«Я уверен, господа, что минувшим векам не случалось видеть, чтобы людей нашего звания вызывали для допроса на основании вздорных толков. Но еще более уверен я, что потомки наши не только не одобрят, но даже не поверят, что можно было согласиться хотя бы выслушать подобные толки из уст самых подлых негодяев, когда-либо выпущенных из стен тюрьмы. Канто, господа, был приговорен к повешению в По, Пишон к колесованию в Ле-Мане, Сосиандо все еще значится у вас в списках преступников». Признаюсь вам, что генеральный адвокат Биньон в два часа пополуночи сообщил мне эти сведения, потому что был моим близким другом и к тому же считал себя вправе так поступить, не будучи приглашен для участия в составлении обвинения. «Судите же, прошу вас, по ярлыкам на их судебных делах и по их ремеслу отпетых мошенников, какова цена свидетельствам этих людей. Впрочем, это еще не все, господа, у них есть и другое звание, более высокое и встречающееся реже: они подкупные свидетели, возведенные в этот ранг грамотой. Я в отчаянии, что защита собственной чести, предписанная нам законами божескими и человеческими, принуждает меня в царствование невиннейшего из монархов предать гласности то, из-за чего эпохи самые развращенные гнушались самыми порочными из древних императоров. Да, господа, Канто, Сосиандо и Горжибюс получили охранные грамоты, чтобы нас обвинить; грамоты эти подписаны августейшим именем, которое должно было бы употреблять для того лишь, чтобы еще укрепить священнейшие из законов. Но кардинал Мазарини, которому ведом один закон — мщение, замышляемое им против защитников общественной свободы, вынудил государственного секретаря господина Ле Телье скрепить своей подписью эти постыдные бумаги, против которых мы просим у вас защиты; однако мы просим защитить нас не прежде, нежели вы произведете дознание в отношении нас самих; мы молим вас произвести его со всем тщанием, коего требуют самые суровые ордонансы против бунтовщиков, дабы распознать, содействовали ли мы прямо или хотя бы косвенно недавним беспорядкам.
[244]Возможно ли, господа, чтобы внук Генриха Четвертого, чтобы сенатор, столь почтенный годами и столь известный своею честностью, как господин де Бруссель, чтобы коадъютор парижский были хотя бы подозреваемы в буйстве, учиненном каким-то бесноватым во главе полутора десятков людишек из отбросов общества? Полагаю, мне стыдно распространяться об этом предмете. Вот и все, что я имею сказать, господа, о новом амбуазском заговоре».
Не могу описать вам, каким восторженным гулом ответили мне скамьи Апелляционных палат.
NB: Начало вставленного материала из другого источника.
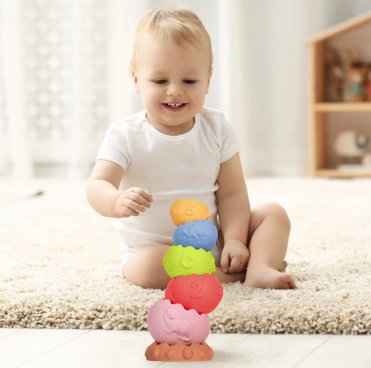 Ce set de construction multifonctionnel avec des pièces rondes et texturées dans de douces couleurs pastel est idéal pour les premières découvertes et le tri. Les enfants peuvent empiler les éléments, les saisir, les presser et explorer les chiffres et formes en relief, développant ainsi naturellement leurs compétences motrices et leur sens mathématique précoce.
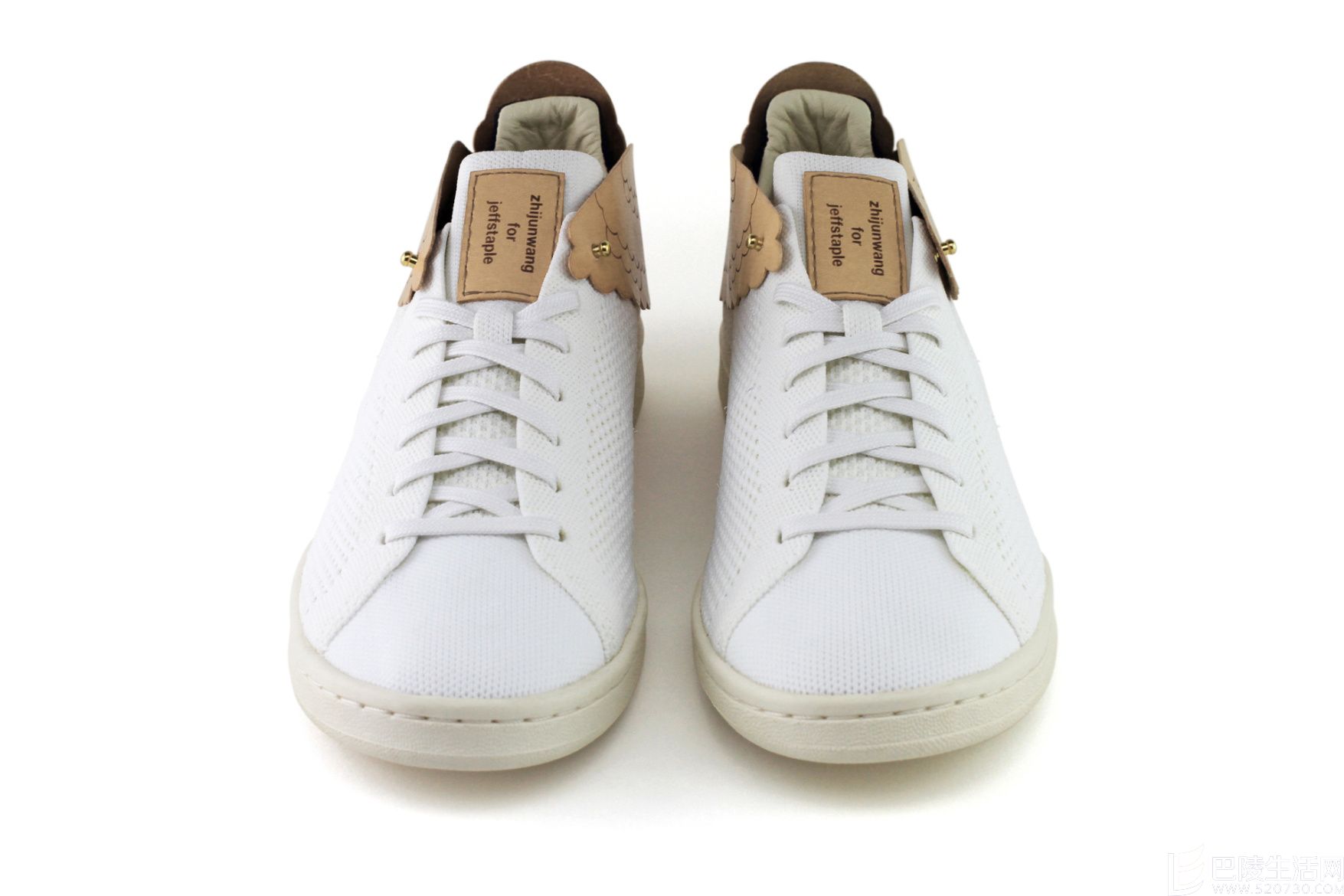 与纽约街头品牌 Staple 主理人 jeffstaple 亦师亦友的中国球鞋客制设计师 Zhijun Wang,日前特别为其打造这双客制版本 Stan Smith Primeknit「jeffstaple」。jeffstaple 于早前已经在 Instagram 帐户公开使用由 Zhijun Wang 打造的球鞋面罩,而今回他为 jeffstaple 打造的客制版球鞋,将 Staple 白鸽标志设计成白鸽展翅的图案,并以激光技术雕刻于意大利植鞣皮革上。再于鞋带孔顶端加入黄铜圆钮作固定白鸽之用。大底外侧后跟位置原有的 adidas 标志,亦以皮革激光技术刻上 jeffstaple 以凸显其专属性质。而此客制版本 Stan Smith Primeknit「jeffstaple」亦已送到 jeffstaple 的手上。
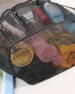 EGENSKAPER Romslig interiør : Nettingveske med stor kapasitet har et generøst stort hovedrom i midten, perfekt for oppbevaring av klumpete toalettsaker, klær, håndklær og mer. Det gir god plass til å holde orden på det du trenger og lett tilgjengelig. Praktiske sidelommer : Langs sidene av vesken finner du ekstra lommer designet for å holde ...
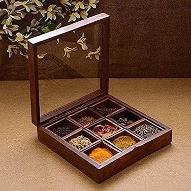 Wooden handcrafted Multipurpose Spice box with nine partitions and spoon
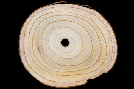 Paulownia wooden slice with annual rings (growth rings) isolated on black background. Fast-growing and lightweight sustainable wood
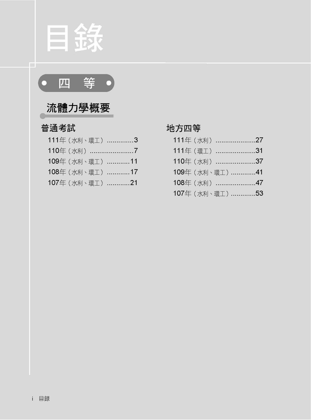 本書收錄公職考試【流體力學】107~111年共五年的申論試題詳解,幫助您一次準備全面應戰、熟悉題型順利上榜。
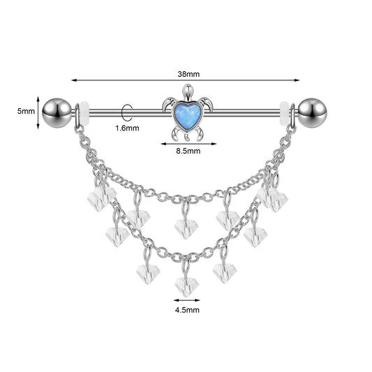 14G Tortoise Opal Industrial Barbell Earring Dangle Chain Helix Ear Piercing
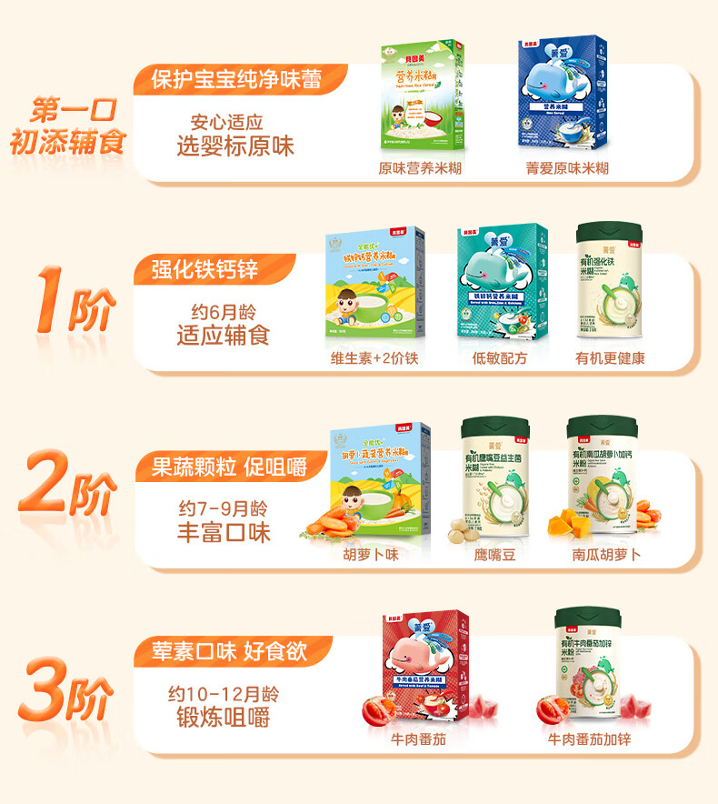 英氏(Engnice)米粉婴儿高铁有机米粉米糊辅食宝宝婴幼儿6个月以上罐装 1阶6月+第一口选维C加铁 258g*1罐
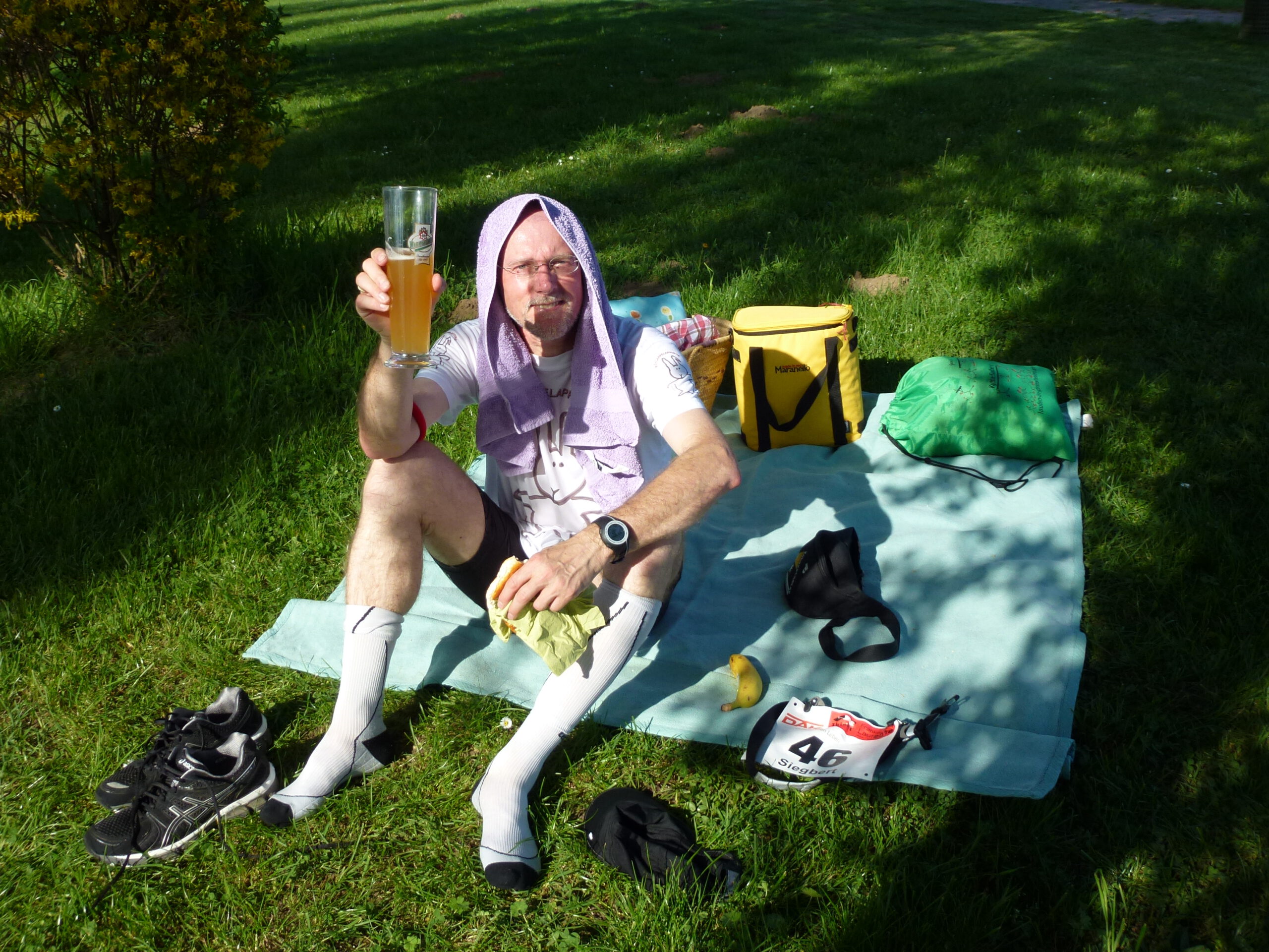- Ausgepumpt, aber zufrieden schlenzt Siegbert ein Darmstädter Weizen alkoholfrei.
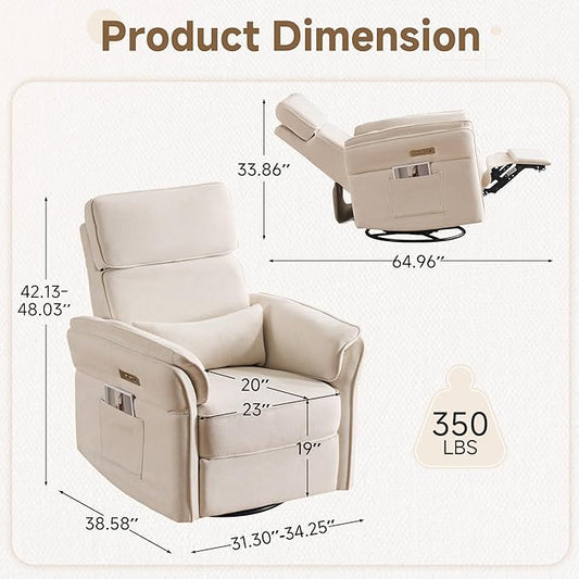 Power Recliner Swivel Rocking Glider, Upholstered Electric Rocking Adult Recliner with USB Port,Nursery Rocking Chair with 2 Pillows Living Room Bedroom (White, Power-Driven)
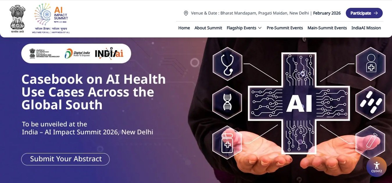 भारत सरकार के इलेक्ट्रॉनिक्स एवं सूचना प्रौद्योगिकी मंत्रालय के इंडिया-एआई मिशन ने विश्व स्वास्थ्य संगठन (WHO) के सहयोग से स्वास्थ्य प्रणालियों में आर्टिफिशियल इंटेलिजेंस (AI) के प्रभावशाली और स्केलेबल अनुप्रयोगों पर प्रकाश डालने वाले सार-संक्षेपों के लिए एक वैश्विक आह्वान की घोषणा की है। चयनित प्रविष्टियों को “वैश्विक दक्षिण में एआई स्वास्थ्य उपयोग के मामलों पर केसबुक” में एक अध्याय लिखने के लिए आमंत्रित किया जाएगा। इसका विमोचन फरवरी में नई दिल्ली में आयोजित होने वाले इंडिया-एआई इम्पैक्ट समिट 2026 में किया जाएगा।

Упоминание же о подкупных свидетелях вызвало возгласы негодования. Честный Дужа, бывший одним из докладчиков по делу и уведомивший меня об этом через своего родственника и друга, генерального адвоката Талона, делая вид, будто пытается смягчить истину, признал ее. «Эти грамоты, сударь, даны свидетелям вовсе не для того, чтобы, как вы утверждаете, вас обвинить. Охранные грамоты у них и вправду есть, но даны они им для того лишь, чтобы выведать, что делается на собраниях рантье. Как мог бы Король знать обо всем, если бы не пообещал безнаказанности тем, кто поставляет ему небходимые сведения и кто вынужден порой говорить то, что может быть вменено ему в преступление? Но грамоты эти совсем иного свойства, нежели те, что могли быть им даны, чтобы вас очернить».